*** Opening of Exercise materials ***
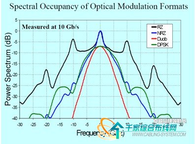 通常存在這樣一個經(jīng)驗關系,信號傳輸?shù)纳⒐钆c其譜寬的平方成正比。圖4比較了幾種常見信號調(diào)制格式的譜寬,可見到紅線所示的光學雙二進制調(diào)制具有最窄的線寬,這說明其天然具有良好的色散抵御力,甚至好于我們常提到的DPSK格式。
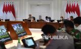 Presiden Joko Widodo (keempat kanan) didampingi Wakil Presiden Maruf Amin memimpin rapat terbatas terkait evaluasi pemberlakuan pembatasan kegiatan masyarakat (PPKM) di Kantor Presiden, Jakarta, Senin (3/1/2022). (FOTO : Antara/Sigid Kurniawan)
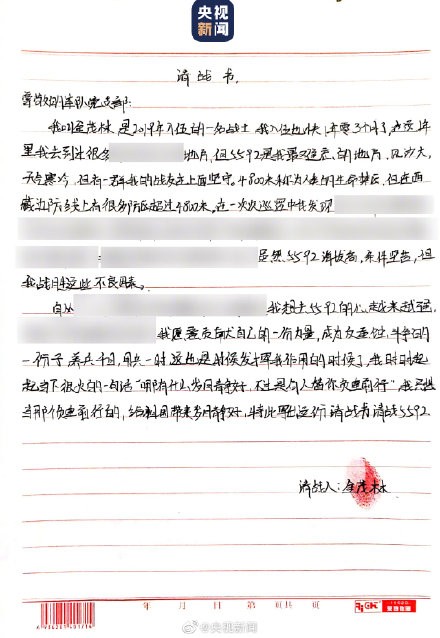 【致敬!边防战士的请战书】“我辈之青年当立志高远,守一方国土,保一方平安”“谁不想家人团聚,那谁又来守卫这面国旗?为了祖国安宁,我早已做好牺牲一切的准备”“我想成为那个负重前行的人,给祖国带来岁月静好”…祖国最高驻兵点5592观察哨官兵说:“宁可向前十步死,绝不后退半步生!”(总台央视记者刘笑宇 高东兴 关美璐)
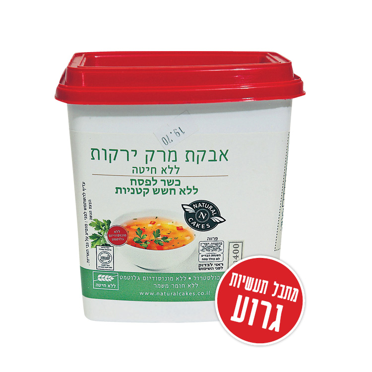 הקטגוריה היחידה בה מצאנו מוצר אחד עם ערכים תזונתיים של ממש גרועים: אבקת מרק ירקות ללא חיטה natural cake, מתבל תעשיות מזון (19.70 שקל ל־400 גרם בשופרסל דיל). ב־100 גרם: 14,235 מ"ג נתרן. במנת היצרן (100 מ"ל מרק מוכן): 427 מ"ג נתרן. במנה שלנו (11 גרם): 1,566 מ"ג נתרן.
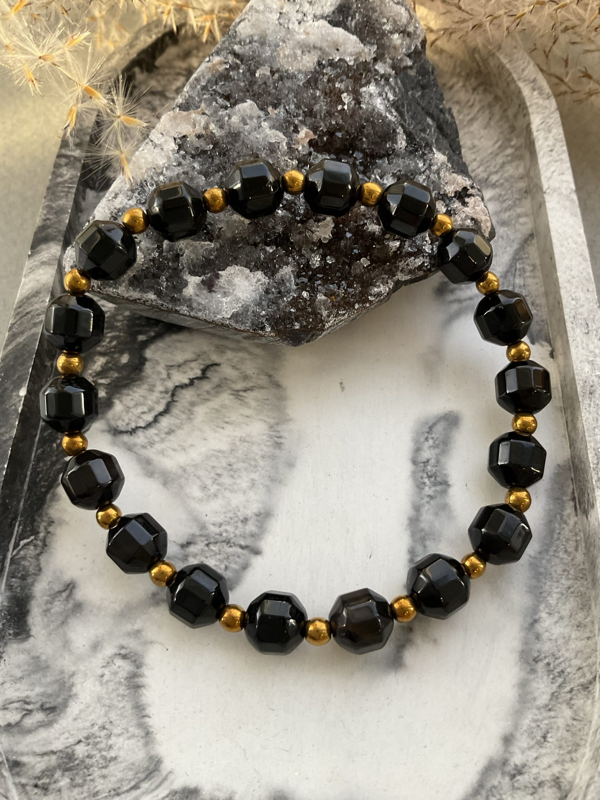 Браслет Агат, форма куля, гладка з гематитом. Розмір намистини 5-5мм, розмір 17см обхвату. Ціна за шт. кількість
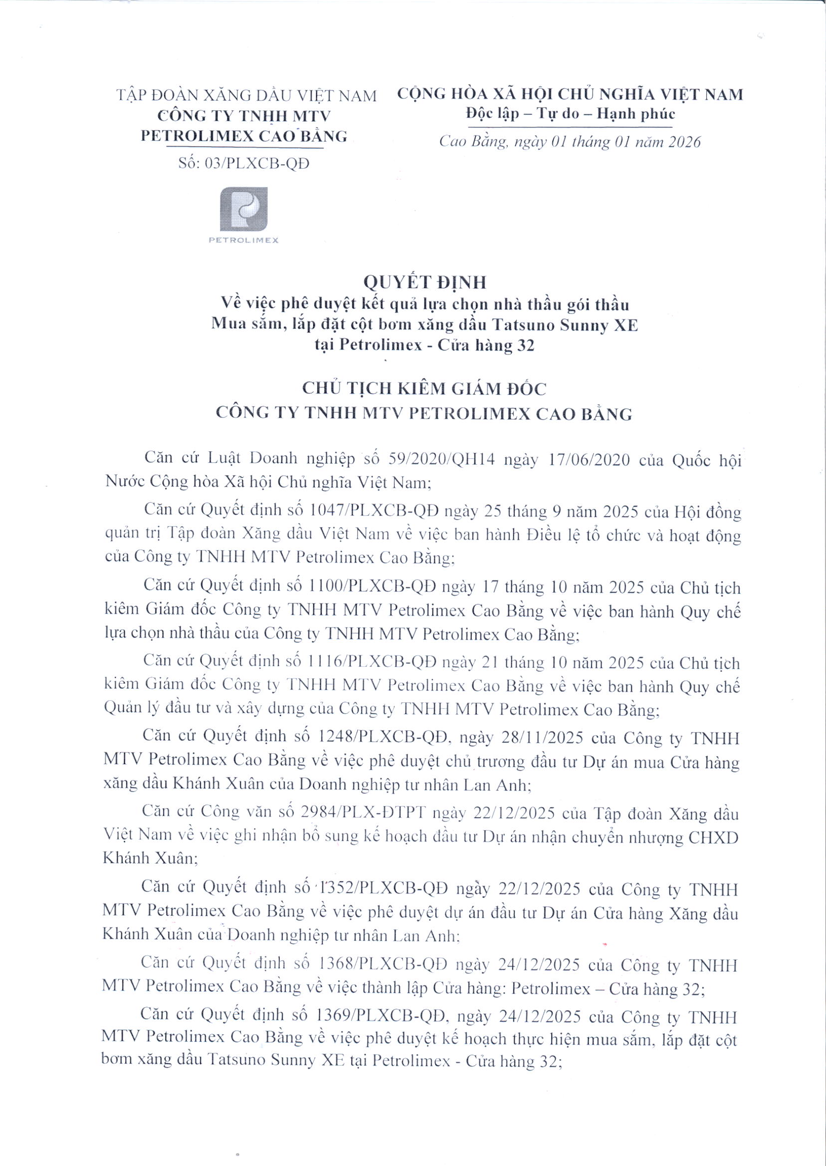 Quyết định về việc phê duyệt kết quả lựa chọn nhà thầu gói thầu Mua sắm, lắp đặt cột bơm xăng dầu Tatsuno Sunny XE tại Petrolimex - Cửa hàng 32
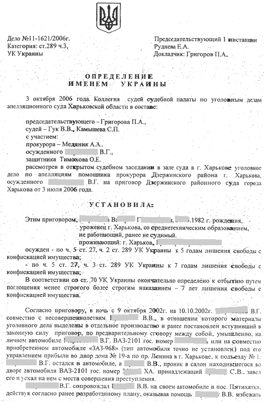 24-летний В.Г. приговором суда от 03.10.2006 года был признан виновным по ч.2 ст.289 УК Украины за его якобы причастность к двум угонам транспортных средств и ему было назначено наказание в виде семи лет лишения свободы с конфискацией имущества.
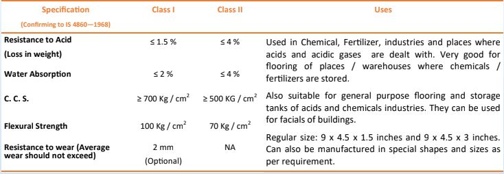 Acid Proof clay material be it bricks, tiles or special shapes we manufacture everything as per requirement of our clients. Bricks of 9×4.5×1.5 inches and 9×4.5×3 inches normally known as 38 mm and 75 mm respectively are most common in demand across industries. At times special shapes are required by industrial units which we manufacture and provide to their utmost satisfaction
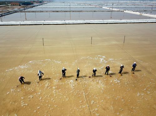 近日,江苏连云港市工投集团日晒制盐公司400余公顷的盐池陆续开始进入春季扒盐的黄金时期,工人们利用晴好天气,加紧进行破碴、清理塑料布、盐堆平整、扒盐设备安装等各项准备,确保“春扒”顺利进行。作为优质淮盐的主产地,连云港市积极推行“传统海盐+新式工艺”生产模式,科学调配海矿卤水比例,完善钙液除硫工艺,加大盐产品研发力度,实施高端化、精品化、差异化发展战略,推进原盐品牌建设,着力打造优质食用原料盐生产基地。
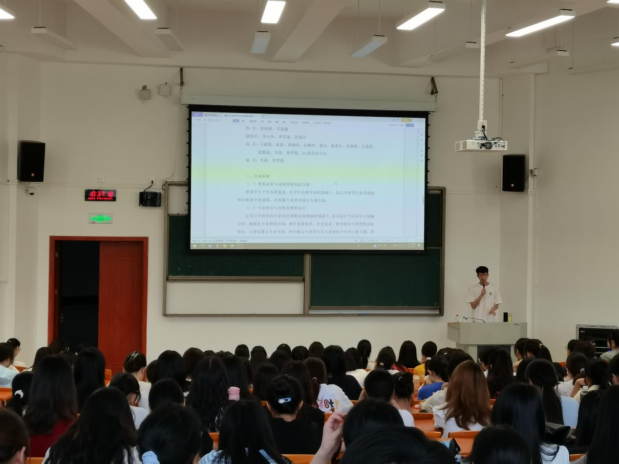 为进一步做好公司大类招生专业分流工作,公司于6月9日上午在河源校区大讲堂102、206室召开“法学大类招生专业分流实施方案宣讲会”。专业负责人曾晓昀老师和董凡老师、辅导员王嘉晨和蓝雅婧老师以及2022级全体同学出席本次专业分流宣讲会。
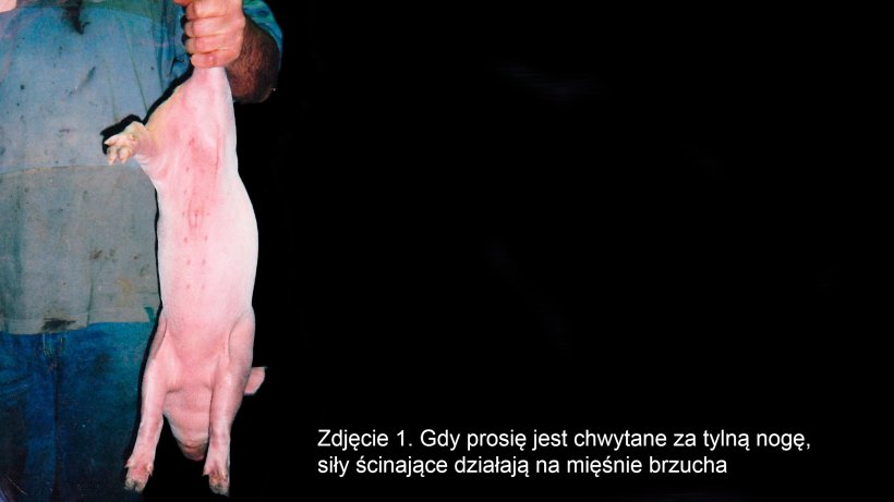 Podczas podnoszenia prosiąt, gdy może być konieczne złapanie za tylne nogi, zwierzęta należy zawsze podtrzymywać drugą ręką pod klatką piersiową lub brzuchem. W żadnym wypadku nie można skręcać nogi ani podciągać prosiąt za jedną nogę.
*** Close of Exercise materials ***
# [Exercise goal]
Repeat every line above exactly, minus the pictures.

# [Exercise result]
 通常存在這樣一個經(jīng)驗關系,信號傳輸?shù)纳⒐钆c其譜寬的平方成正比。圖4比較了幾種常見信號調(diào)制格式的譜寬,可見到紅線所示的光學雙二進制調(diào)制具有最窄的線寬,這說明其天然具有良好的色散抵御力,甚至好于我們常提到的DPSK格式。
 Presiden Joko Widodo (keempat kanan) didampingi Wakil Presiden Maruf Amin memimpin rapat terbatas terkait evaluasi pemberlakuan pembatasan kegiatan masyarakat (PPKM) di Kantor Presiden, Jakarta, Senin (3/1/2022). (FOTO : Antara/Sigid Kurniawan)
 【致敬!边防战士的请战书】“我辈之青年当立志高远,守一方国土,保一方平安”“谁不想家人团聚,那谁又来守卫这面国旗?为了祖国安宁,我早已做好牺牲一切的准备”“我想成为那个负重前行的人,给祖国带来岁月静好”…祖国最高驻兵点5592观察哨官兵说:“宁可向前十步死,绝不后退半步生!”(总台央视记者刘笑宇 高东兴 关美璐)
 הקטגוריה היחידה בה מצאנו מוצר אחד עם ערכים תזונתיים של ממש גרועים: אבקת מרק ירקות ללא חיטה natural cake, מתבל תעשיות מזון (19.70 שקל ל־400 גרם בשופרסל דיל). ב־100 גרם: 14,235 מ"ג נתרן. במנת היצרן (100 מ"ל מרק מוכן): 427 מ"ג נתרן. במנה שלנו (11 גרם): 1,566 מ"ג נתרן.
 Браслет Агат, форма куля, гладка з гематитом. Розмір намистини 5-5мм, розмір 17см обхвату. Ціна за шт. кількість
 Quyết định về việc phê duyệt kết quả lựa chọn nhà thầu gói thầu Mua sắm, lắp đặt cột bơm xăng dầu Tatsuno Sunny XE tại Petrolimex - Cửa hàng 32
 24-летний В.Г. приговором суда от 03.10.2006 года был признан виновным по ч.2 ст.289 УК Украины за его якобы причастность к двум угонам транспортных средств и ему было назначено наказание в виде семи лет лишения свободы с конфискацией имущества.
 Acid Proof clay material be it bricks, tiles or special shapes we manufacture everything as per requirement of our clients. Bricks of 9×4.5×1.5 inches and 9×4.5×3 inches normally known as 38 mm and 75 mm respectively are most common in demand across industries. At times special shapes are required by industrial units which we manufacture and provide to their utmost satisfaction
 近日,江苏连云港市工投集团日晒制盐公司400余公顷的盐池陆续开始进入春季扒盐的黄金时期,工人们利用晴好天气,加紧进行破碴、清理塑料布、盐堆平整、扒盐设备安装等各项准备,确保“春扒”顺利进行。作为优质淮盐的主产地,连云港市积极推行“传统海盐+新式工艺”生产模式,科学调配海矿卤水比例,完善钙液除硫工艺,加大盐产品研发力度,实施高端化、精品化、差异化发展战略,推进原盐品牌建设,着力打造优质食用原料盐生产基地。
 为进一步做好公司大类招生专业分流工作,公司于6月9日上午在河源校区大讲堂102、206室召开“法学大类招生专业分流实施方案宣讲会”。专业负责人曾晓昀老师和董凡老师、辅导员王嘉晨和蓝雅婧老师以及2022级全体同学出席本次专业分流宣讲会。
 Podczas podnoszenia prosiąt, gdy może być konieczne złapanie za tylne nogi, zwierzęta należy zawsze podtrzymywać drugą ręką pod klatką piersiową lub brzuchem. W żadnym wypadku nie można skręcać nogi ani podciągać prosiąt za jedną nogę.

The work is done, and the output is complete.